▶ [Listed entries]

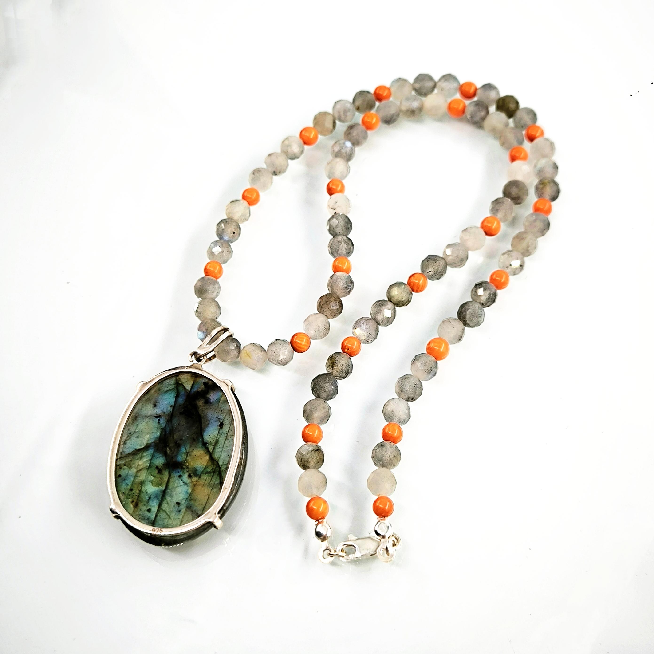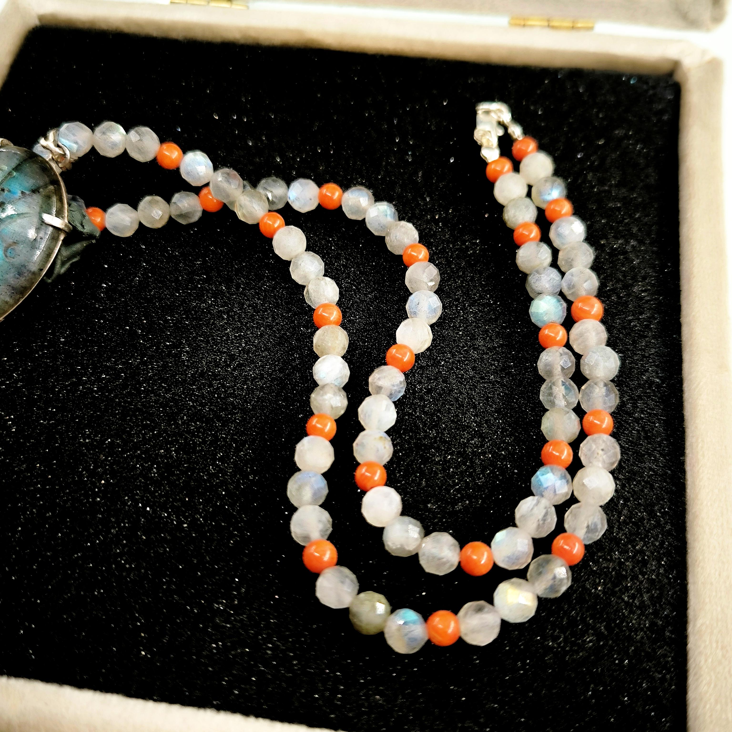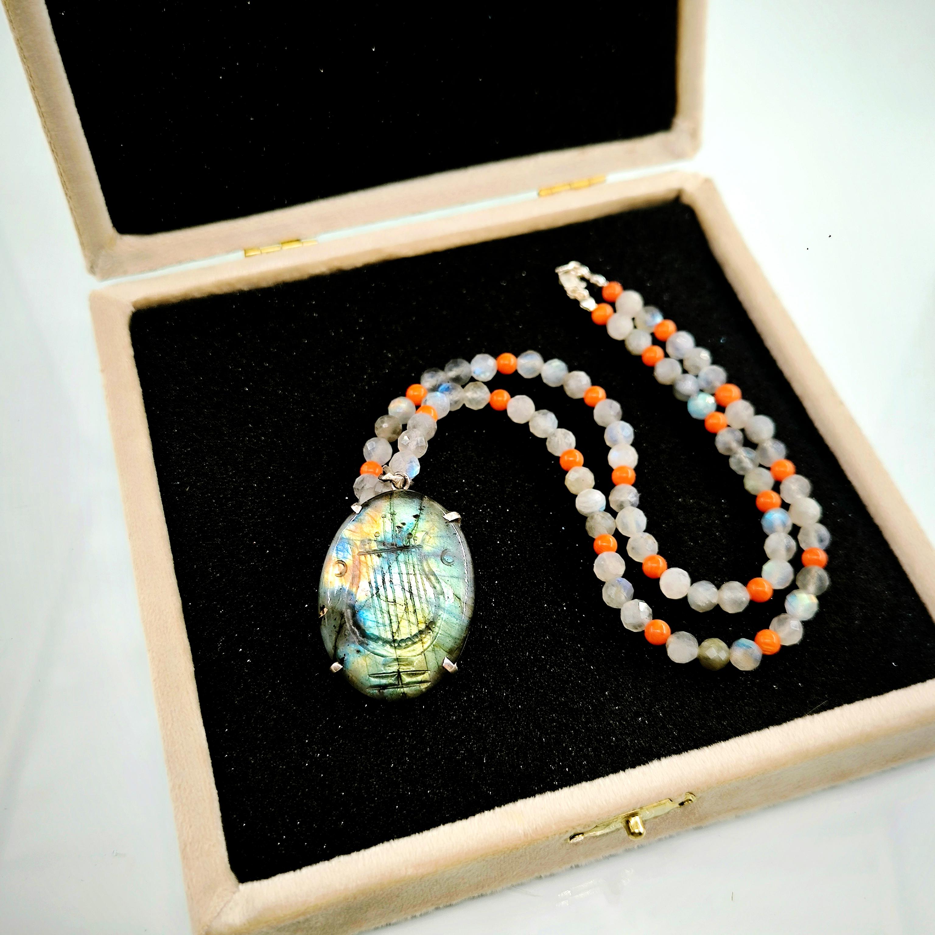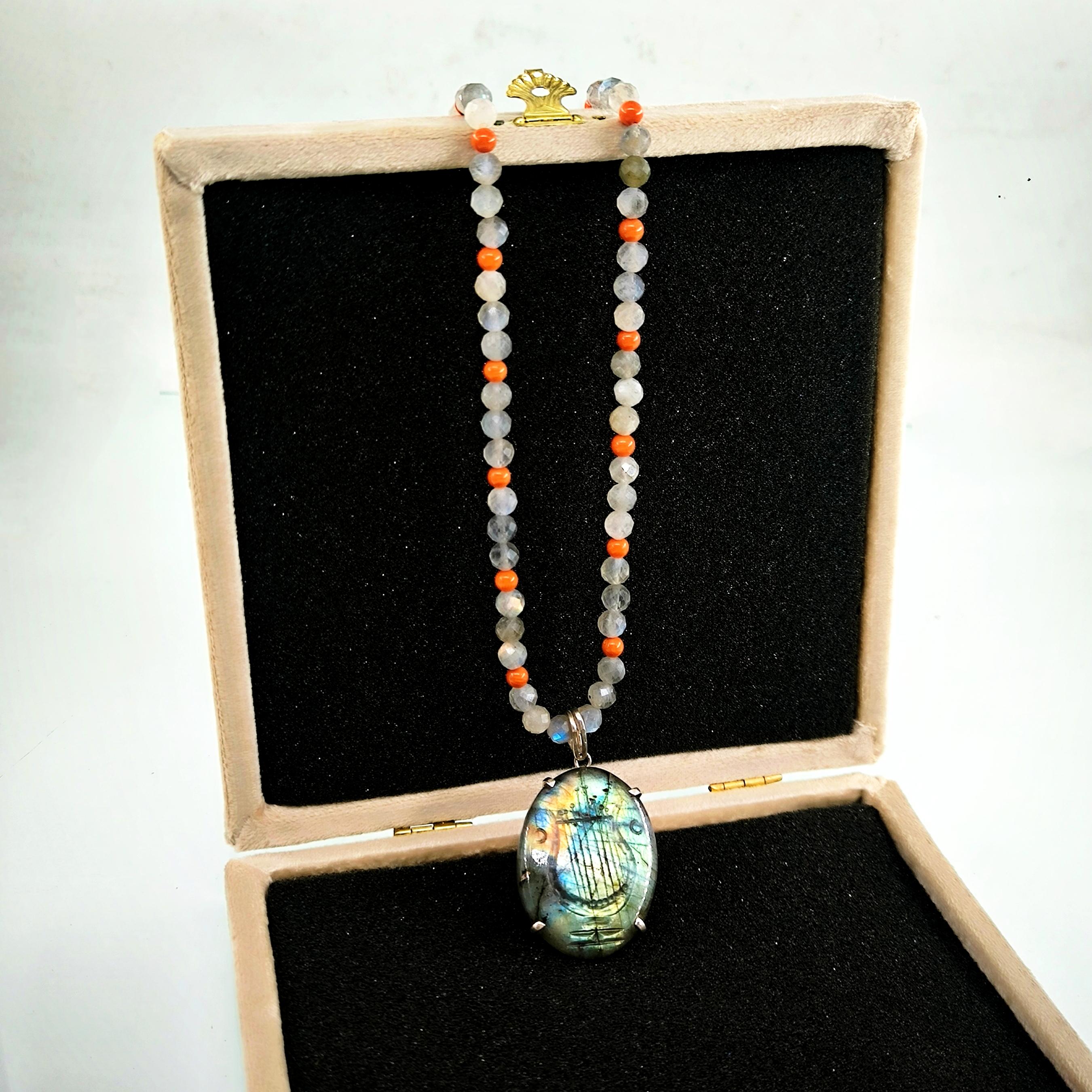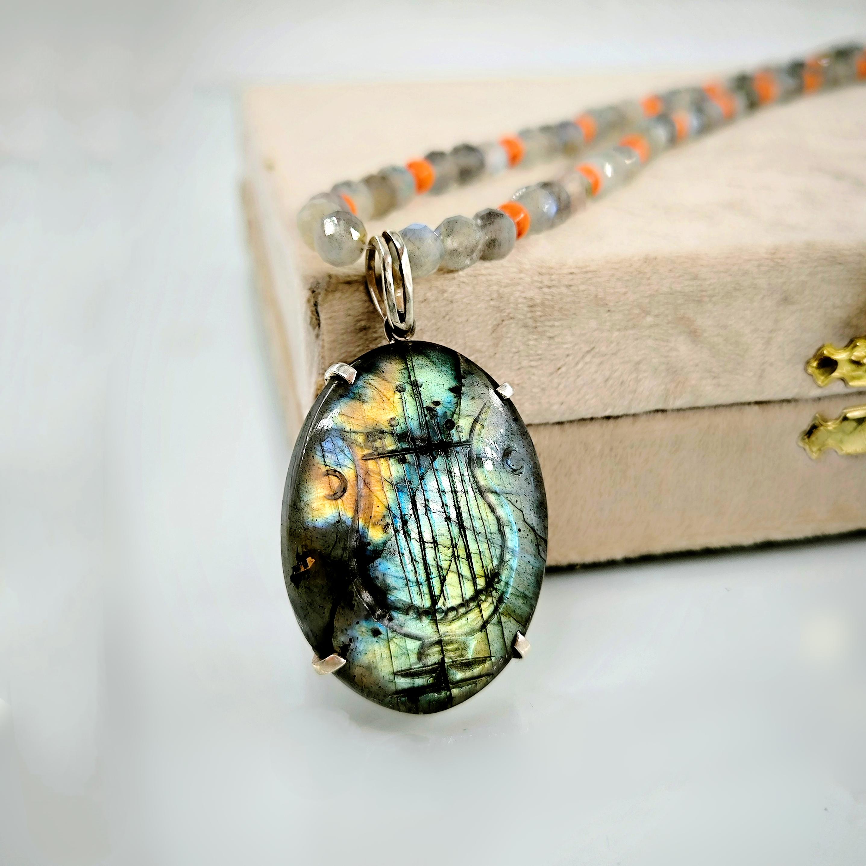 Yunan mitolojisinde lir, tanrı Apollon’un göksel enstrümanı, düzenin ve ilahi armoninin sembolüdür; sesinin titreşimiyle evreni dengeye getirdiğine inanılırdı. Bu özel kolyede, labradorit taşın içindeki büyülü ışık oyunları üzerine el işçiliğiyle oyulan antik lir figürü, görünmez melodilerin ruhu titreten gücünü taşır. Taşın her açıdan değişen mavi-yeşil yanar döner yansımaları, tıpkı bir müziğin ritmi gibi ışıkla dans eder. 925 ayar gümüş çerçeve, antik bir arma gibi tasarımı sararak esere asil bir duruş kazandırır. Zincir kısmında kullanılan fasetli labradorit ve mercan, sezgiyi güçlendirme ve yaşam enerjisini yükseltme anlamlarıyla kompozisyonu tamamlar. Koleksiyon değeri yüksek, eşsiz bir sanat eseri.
...
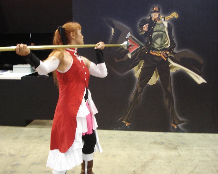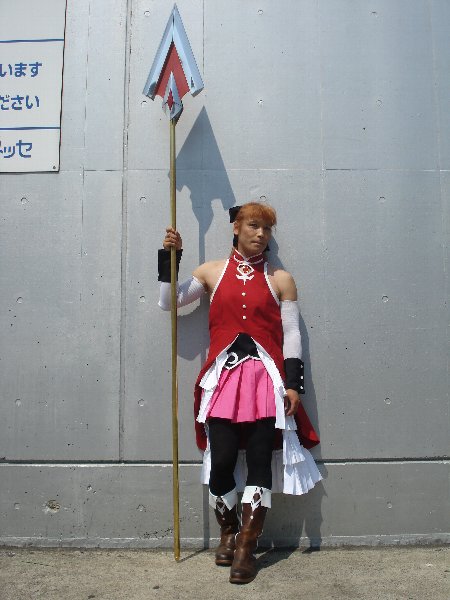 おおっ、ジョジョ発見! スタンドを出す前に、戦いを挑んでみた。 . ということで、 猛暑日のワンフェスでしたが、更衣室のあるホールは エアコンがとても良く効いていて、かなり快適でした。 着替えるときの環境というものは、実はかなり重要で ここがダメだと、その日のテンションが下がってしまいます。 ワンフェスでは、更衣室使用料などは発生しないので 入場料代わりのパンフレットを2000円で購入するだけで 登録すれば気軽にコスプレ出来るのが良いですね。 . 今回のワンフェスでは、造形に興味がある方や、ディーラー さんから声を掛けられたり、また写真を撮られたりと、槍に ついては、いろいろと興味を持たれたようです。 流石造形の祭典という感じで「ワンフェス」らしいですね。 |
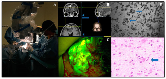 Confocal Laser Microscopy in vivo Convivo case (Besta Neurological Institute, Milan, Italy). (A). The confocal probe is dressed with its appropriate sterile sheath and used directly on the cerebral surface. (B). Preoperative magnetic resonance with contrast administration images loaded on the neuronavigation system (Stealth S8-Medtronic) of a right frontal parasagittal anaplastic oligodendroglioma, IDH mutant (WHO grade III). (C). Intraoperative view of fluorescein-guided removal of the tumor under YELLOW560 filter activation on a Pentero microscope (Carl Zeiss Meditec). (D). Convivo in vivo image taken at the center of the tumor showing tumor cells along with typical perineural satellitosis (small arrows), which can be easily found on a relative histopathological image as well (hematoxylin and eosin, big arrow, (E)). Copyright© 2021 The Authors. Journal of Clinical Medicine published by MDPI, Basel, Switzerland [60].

▶ [Problem description] Above is the material; set down exactly its lines from the one containing "おおっ、ジョジョ発見! スタンドを出す前に、戦いを挑んでみた。 ." down to the one containing "Confocal Laser Microscopy", both included, leaving out any pictures.

▶ [Exercise answer]
 おおっ、ジョジョ発見! スタンドを出す前に、戦いを挑んでみた。 . ということで、 猛暑日のワンフェスでしたが、更衣室のあるホールは エアコンがとても良く効いていて、かなり快適でした。 着替えるときの環境というものは、実はかなり重要で ここがダメだと、その日のテンションが下がってしまいます。 ワンフェスでは、更衣室使用料などは発生しないので 入場料代わりのパンフレットを2000円で購入するだけで 登録すれば気軽にコスプレ出来るのが良いですね。 . 今回のワンフェスでは、造形に興味がある方や、ディーラー さんから声を掛けられたり、また写真を撮られたりと、槍に ついては、いろいろと興味を持たれたようです。 流石造形の祭典という感じで「ワンフェス」らしいですね。 |
 Confocal Laser Microscopy in vivo Convivo case (Besta Neurological Institute, Milan, Italy). (A). The confocal probe is dressed with its appropriate sterile sheath and used directly on the cerebral surface. (B). Preoperative magnetic resonance with contrast administration images loaded on the neuronavigation system (Stealth S8-Medtronic) of a right frontal parasagittal anaplastic oligodendroglioma, IDH mutant (WHO grade III). (C). Intraoperative view of fluorescein-guided removal of the tumor under YELLOW560 filter activation on a Pentero microscope (Carl Zeiss Meditec). (D). Convivo in vivo image taken at the center of the tumor showing tumor cells along with typical perineural satellitosis (small arrows), which can be easily found on a relative histopathological image as well (hematoxylin and eosin, big arrow, (E)). Copyright© 2021 The Authors. Journal of Clinical Medicine published by MDPI, Basel, Switzerland [60].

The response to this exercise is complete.